As pontas das orelhas dele ficaram vermelhas.

— Para... aliviar a tensão.

— Quero, mas minhas pernas estão doendo muito. — Confessei.

— Tenho bastante resistência. — Ele garantiu, com a voz rouca. — Você pode ficar deitada.

— Então, por favor, vou aceitar.

— Não é incômodo nenhum.

...

— Daniela.

Na manhã seguinte, saí do quarto no exato momento em que Samuel aparecia no corredor. Ele franziu a testa ao me ver, com aquela expressão habitual de reprovação.

— Por que você ficou falando sozinha ontem à noite? Ficou gemendo e resmungando, sabia que isso incomoda? É muito barulho.

Não me irritei. Mantive a calma e respondi com um sorriso polido:

— Desculpe, Samuel. Vou tentar ser mais silenciosa da próxima vez.

O tom dele suavizou, transformando-se numa curiosidade ranzinza.

— Você teve pesadelo? Parecia que estava chorando.

"Chorando de prazer.", pensei, mas guardei para mim.

— Se você tiver pesadelos, pode me chamar para...

A frase foi cortada pela voz de Renata.

— Samuel! Não estou achando meu chinelo!

— Não ande descalça! — Samuel interrompeu a conversa comigo e marchou em direção ao quarto de Renata, voltando segundos depois com ela no colo. — Sua bobinha, se você estava no quarto, como os chinelos estariam na sala?

— É que ontem eu estava morrendo de sono e você me levou no colo para a cama, lembra? — Ela respondeu, manhosa.

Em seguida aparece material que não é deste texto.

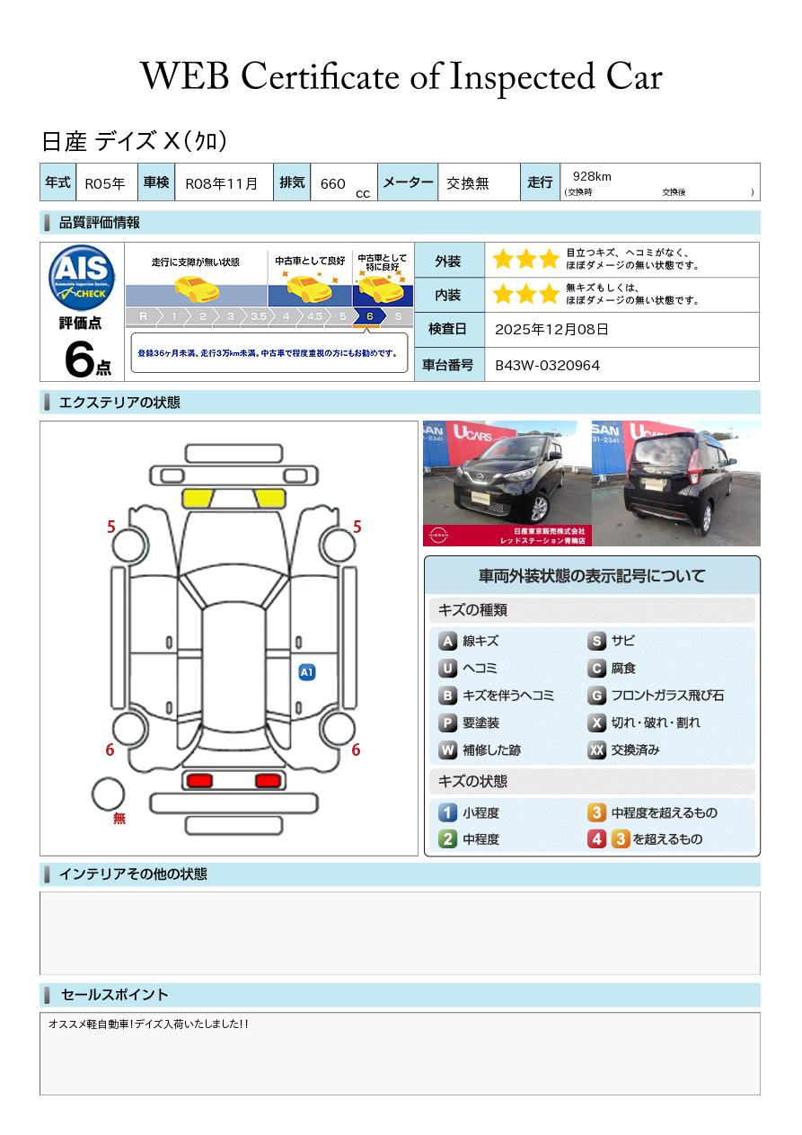 デイズ 660cc 660 X 当社試乗展示車 純正大画面メモリーナビ

Samuel se sentou no sofá com ela no colo, procurou os chinelos de coelhinho e, segurando o tornozelo dela com delicadeza, calçou-os pacientemente. Só depois de garantir que a "princesa" estava devidamente calçada é que ele subiu as escadas em direção ao banheiro. Ele era, sem dúvida, o híbrido de serviço perfeito; o único detalhe era que seu serviço não era dedicado a mim.

— Daniela, coloquei minhas roupas no cesto, não esqueça de levar para a lavanderia. — Ele avisou ao passar por mim no corredor.

De repente, ele estancou.

— Que cheiro é esse?

Franzi o cenho, sem entender.

— O quê?

Num movimento rápido, ele se aproximou, segurou minha cintura com firmeza e enterrou o rosto na curva do meu pescoço, inspirando profundamente. Quanto mais ele cheirava, mais seus dedos apertavam minha pele, demonstrando uma tensão crescente.

— Daniela... — Ele rosnou baixo, os olhos escurecendo. — Por que você está com o cheiro de outro macho?

Fiquei em silêncio, sustentando seu olhar.